An emergency-room doctor told Vincent and Wendy Sirois their son had died of a hidden heart defect that
couldn't have been detected, the parents say. But two days later, they add, a nurse from the emergency room
called and said her conscience required her to tell them Kenny's death probably could have been prevented.
She implored them to get their surviving twin tested.
The nurse was right: The cardiac defect that killed the boy, known as hypertrophic cardiomyopathy, is detectable
and treatable. And it runs in families. If Kenny's twin has it, as initial tests suggest he might, then a battery of
treatments can offer him a nearly normal life span.
HCM, as it's called for short, is a genetic abnormality that enlarges the left ventricle, leading to sometimes-fatal
disturbances of the heart rhythm. Young athletes suffer sudden cardiac death at a rate thought to be two to
three times as high as their less-active peers. The Siroises say no doctor had suggested that their sons,
year-round competitors, undergo a heart scan. "Kenny could still be alive" if they had, says Mrs. Sirois.
American medicine is respected around the world for its all-out war on heart disease, with advanced drugs and
procedures plus campaigns that teach the public what to watch for. But in one area of heart disease -- hidden
congenital defects that suddenly kill young athletes -- U.S. medicine does relatively little to detect problems or
raise awareness, including less than some foreign countries.
In Japan, for instance, doctors routinely give schoolchildren electrocardiograms, or EKGs, which can detect
congenital heart defects that a stethoscope cannot. Italy gives EKGs to all youths who want to participate in
competitive sports. The International Olympic Committee recently recommended that young athletes have EKGs
every two years, and in a March statement in the European Heart Journal, about 25 European physicians
endorsed a similar proposal. Physicians in Japan and Italy say their programs save lives. A screening of 33,735
young athletes in the Veneto region of Italy from 1979 to 1996 disqualified from sports 22 who turned out to have
HCM; all are believed to be still alive.
In American medicine, it's generally accepted that universal screening of young adults for heart abnormalities
wouldn't be a good idea. Far too many healthy athletes would need to be screened to find a single defective
heart, cardiologists say.
U.S. cardiologists, instead of widespread screening, favor efforts to raise awareness about the symptoms and
risk factors, leading to testing of those at risk. They favor a focus on kids who have cardiac murmurs, fainting
spells, chest pain or shortness of breath, plus any who have had sudden cardiac death in their families. "If you
screen the ones with symptoms and warning signs, you'll have lower costs and a much higher yield," says Robert
Campbell, chief medical officer of Sibley Heart Center of Children's Healthcare of Atlanta.

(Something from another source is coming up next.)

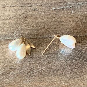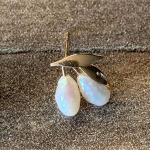 These vintage earrings are 14K yellow gold baroque pearl stud earrings designed with a fruit motif. Each earring features two irregularly shaped baroque pearls that hang from a small gold leaf cluster at the top, creating the look of tiny golden branches of fruit stems. The organic, asymmetrical pearls give them a natural and elegant charm, while the polished bold leaves add a refined, vintage touch. These Beautiful earrings featuring lustrous pearls and gold leaf accents. Perfect for any occasion. Length of item (inches): 0.30. Weight: 0.7 grams(s) (Includes stone weight)

The problem is that their plan for focused screening emerged nine years ago, after a medical conference, and
there is little sign it has raised awareness among either front-line physicians or the general public.
One possible reason: Sudden death in adolescents falls outside the primary mission both of pediatric
cardiologists, who treat children, and of adult cardiologists, who focus on the middle-aged and older. In
cardiology, adolescence and young adulthood is "a no-man's land," says Robert Myerburg, director of cardiology
at the University of Miami School of Medicine.
Word about the risk of sudden death in young athletes bypassed Chris and Sandy Boslet, even though they
describe themselves as aggressive in their pursuit of health information. The suburban Atlanta couple made sure
their son, Ryan, never missed a vaccination or annual checkup, and he, too, was focused on health and fitness.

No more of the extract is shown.